# To do:
Scan the data below and pick out the lines containing the word "alkoholu".

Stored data

──────────

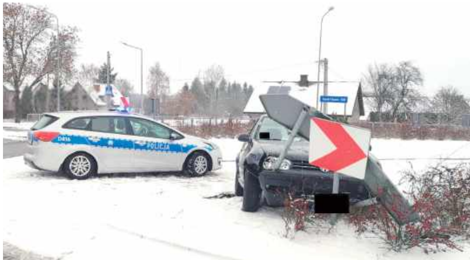
Badanie alkomatem wykazało, że mężczyzna miał w organizmie ponad 2,5 promila alkoholu. Kierowca stracił prawo jazdy, a wkrótce usłyszy zarzuty kierowania pojazdem w stanie nietrzeźwości oraz spowodowania zagrożenia bezpieczeństwa w ruchu drogowym

- Połączenie spożywania alkoholu, jazdy samochodem oraz trudnych zimowych warunków drogowych może prowadzić do bardzo niebezpiecznych zdarzeń - ostrzega asp. Łukasz Filippek,
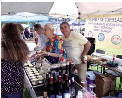
Ambiance franco-britannique sur les marchés de juin.
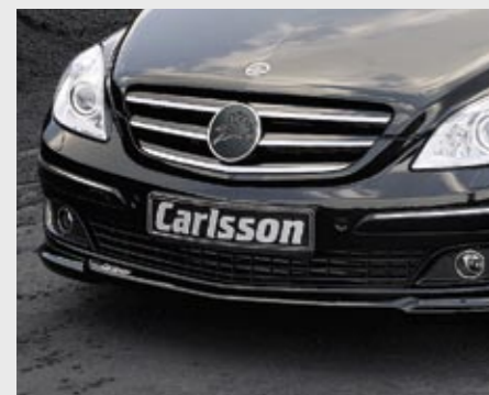
Frontspoilerlippe in Carlsson typischer Optik Front spoiler lip in the company's typical look

With the new B-Class, Mercedes-Benz underscores its role as a trendsetter among the world's leading automobile manufacturers and to attract a young, modern target group that wants functionality combined with fascinating design and a high level of driving pleasure. Thus, this new „compact sports“ touring vehicle represents the ideal platform for Carlsson, the renowned Mercedes tuner, to offer a customised vehicle for B-Class drivers interested in a more ambitious style of driving – a vehicle that stands out from the crowd and combines driving pleasure with a high technological standard.
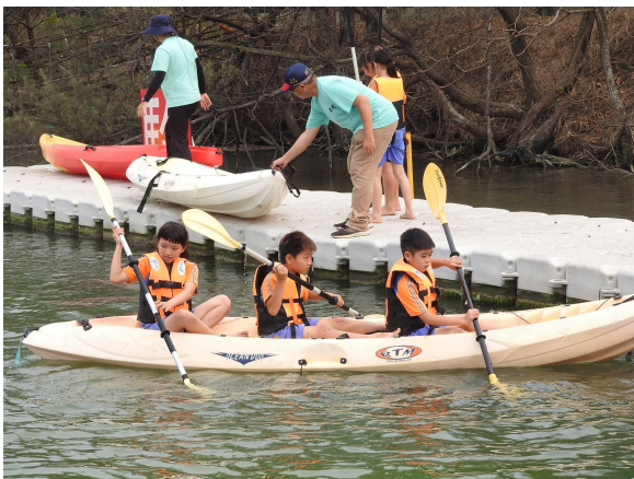
戶外教育-划槳體驗
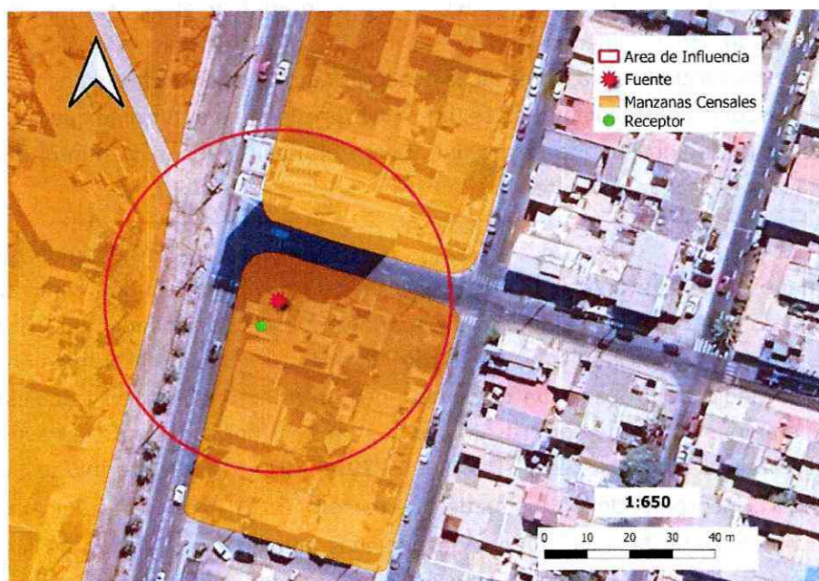
Imagen 1. Intersección manzanas censales y AI
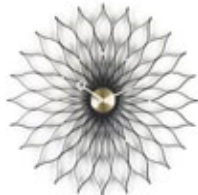
Sunflower Clock, frêne noir/laiton, Ø 750
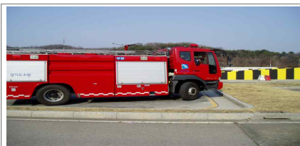
◎◎면허시험장 G 코스
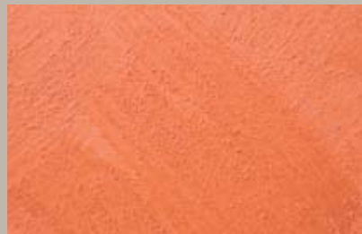
18 • 200 ml T27
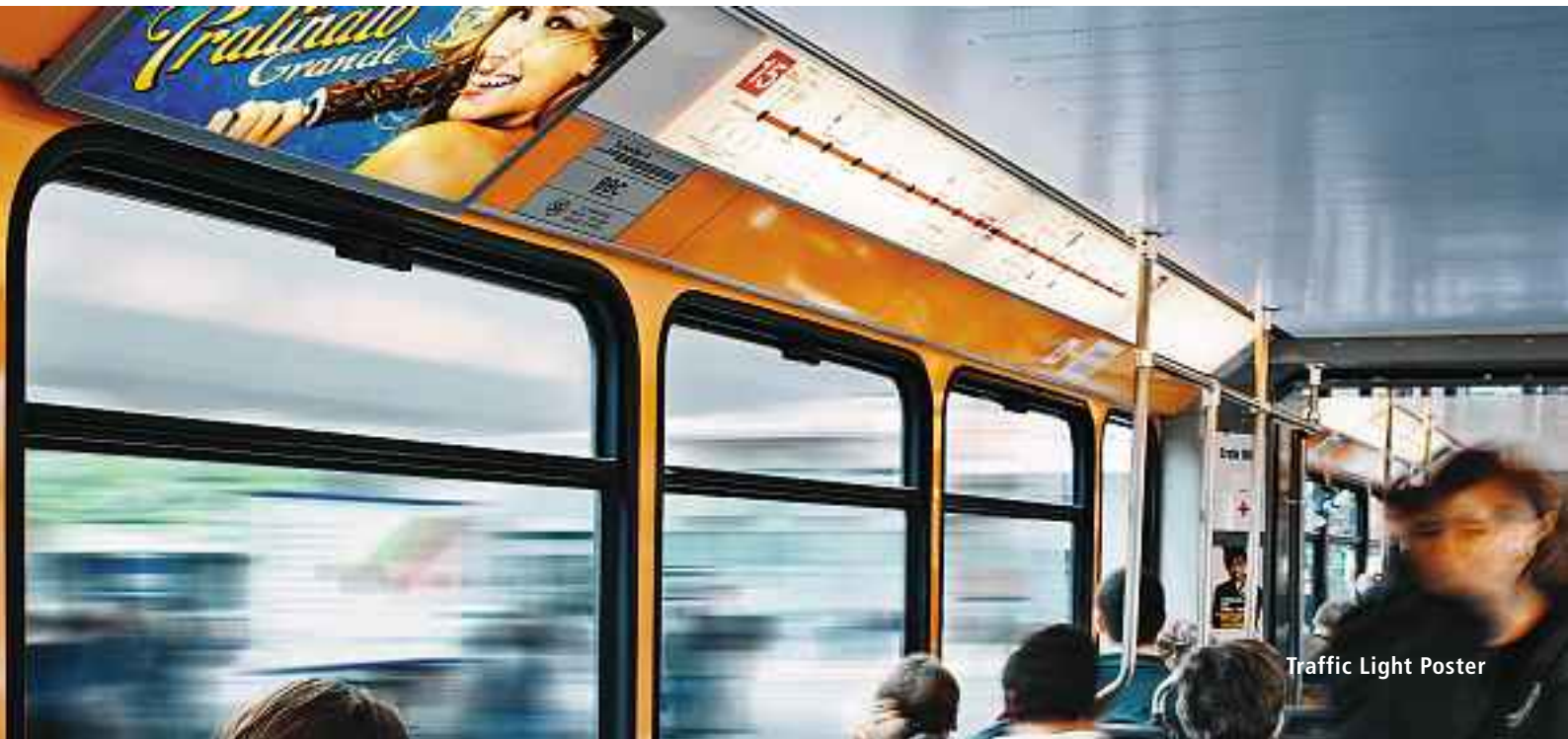
Traffic Light Poster
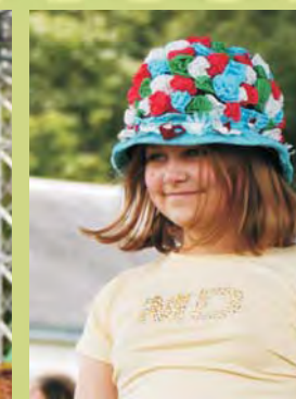
Pokaz bajecznych eko- kapeluszy w wykonaniu ślicznych modelek ze szkół z Osmolic i Bystrzycy Starej

──────────

# Task answer:
Badanie alkomatem wykazało, że mężczyzna miał w organizmie ponad 2,5 promila alkoholu. Kierowca stracił prawo jazdy, a wkrótce usłyszy zarzuty kierowania pojazdem w stanie nietrzeźwości oraz spowodowania zagrożenia bezpieczeństwa w ruchu drogowym
- Połączenie spożywania alkoholu, jazdy samochodem oraz trudnych zimowych warunków drogowych może prowadzić do bardzo niebezpiecznych zdarzeń - ostrzega asp. Łukasz Filippek,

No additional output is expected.